Returns: MultiHeadDamped output sequences. Shape: (B, 1, D), representing : the output after applying the EMA to the input sequences.
new_state: MultiHeadDampedEMA state for the current step. Shape: : (B, D, num_heads), which can be used in subsequent EMA computations.
Return type: out
################# Examples
>>> ema_module = MultiHeadDampedEMA(size=128, num_heads=4)
>>> input_tensor = torch.rand(32, 128, 1) # Batch of 32
>>> initial_state = torch.zeros(32, 128, 4) # Initial state
>>> output, new_state = ema_module.ema_one_step(input_tensor, initial_state)
########## NOTE The output out is computed by applying the EMA to the input x and adding the contribution from the previous state if provided.
forward(x: Tensor, mask: Tensor | None = None, state: Dict[str, Tensor] | None = None) → Tensor | None
Compute multi-dimensional damped EMA.
This method computes the multi-dimensional damped Exponential Moving Average (EMA) for the input sequences using the current state and optionally applies a mask to the input.
- Parameters:
- x – MultiHeadDampedEMA input sequence. Shape (L, B, D), where:
- L is the sequence length,
- B is the batch size,
- D is the feature dimension.
- mask – Optional sequence mask. Shape (B, 1, L). A mask can be used to ignore certain time steps in the input sequence.
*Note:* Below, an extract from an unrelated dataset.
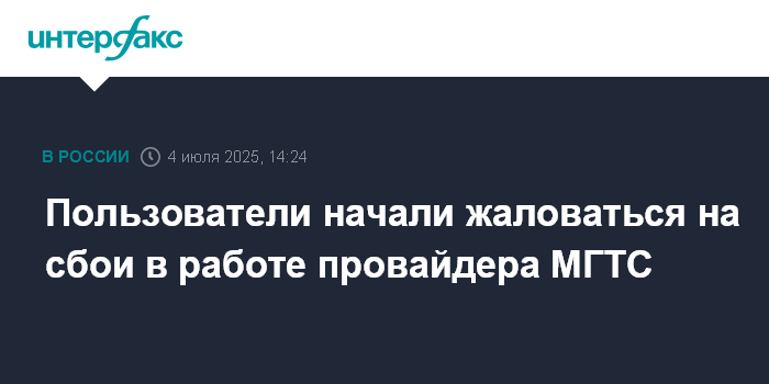 Москва. 4 июля. INTERFAX.RU - Пользователи с 14:00 начали жаловаться на сбои в работе МГТС.

- state – Optional MultiHeadDampedEMA state. Shape (B, D, num_heads), where num_heads is the number of attention heads.
- x – MultiHeadDampedEMA input sequence. Shape (L, B, D), where:
- Returns:
- x: MultiHeadDampedEMA output sequence. Shape (B, L, D).
- new_state: MultiHeadDampedEMA state. Shape (B, D, num_heads) or None if state was not provided.
- Return type: Tuple[torch.Tensor, Optional[torch.Tensor]]
################# Examples
>>> model = MultiHeadDampedEMA(size=128, num_heads=4)
>>> input_tensor = torch.randn(10, 32, 128) # (L, B, D)
>>> mask_tensor = torch.zeros(32, 1, 10) # (B, 1, L)
>>> output, new_state = model(input_tensor, mask=mask_tensor)
########## NOTE If mask is provided, the input tensor x will have masked elements set to zero before processing. If state is not provided, the method will compute the output without using any previous state information.
get_ema_coefficients() → Tuple[Tensor, Tensor]
Get EMA coefficients.
This method retrieves the damping factor and the previous timestep weight coefficients used in the exponential moving average (EMA) calculations. The coefficients are computed using the sigmoid activation function applied to the damping and decay factors.
If the coefficients have not been computed yet, this method will call compute_ema_coefficients() to generate them.
- Returns:
- Damping factor / P-th order coefficient. Shape: (size, num_heads, 1)
- Previous timestep weight / Q-th order coefficient. Shape: (size, num_heads, 1)
- Return type: Tuple[torch.Tensor, torch.Tensor]
################# Examples
>>> ema_module = MultiHeadDampedEMA(size=128, num_heads=4)
>>> damping, prev_weight = ema_module.get_ema_coefficients()
>>> print(damping.shape) # Output: torch.Size([128, 4, 1])
>>> print(prev_weight.shape) # Output: torch.Size([128, 4, 1])
reset_parameters(val: float = 0.0, std1: float = 0.2, std2: float = 1.0) → None
Reset module parameters.
This method initializes the parameters of the MultiHeadDampedEMA module using a normal distribution. It sets the damping and decay factors, the EMA expansion matrix, the kernel projection matrix, and the residual weight.
- Parameters:
- val – Initialization value for the parameters.
- std1 – Standard deviation for the damping and decay factors.
- std2 – Standard deviation for the kernel projection matrix and residual weight.
################# Examples
>>> ema = MultiHeadDampedEMA(size=10, num_heads=4)
>>> ema.reset_parameters(val=0.1, std1=0.3, std2=0.5)
########## NOTE The parameters are initialized in-place, and this function does not return any value. Use this method to reinitialize the model parameters, especially before training.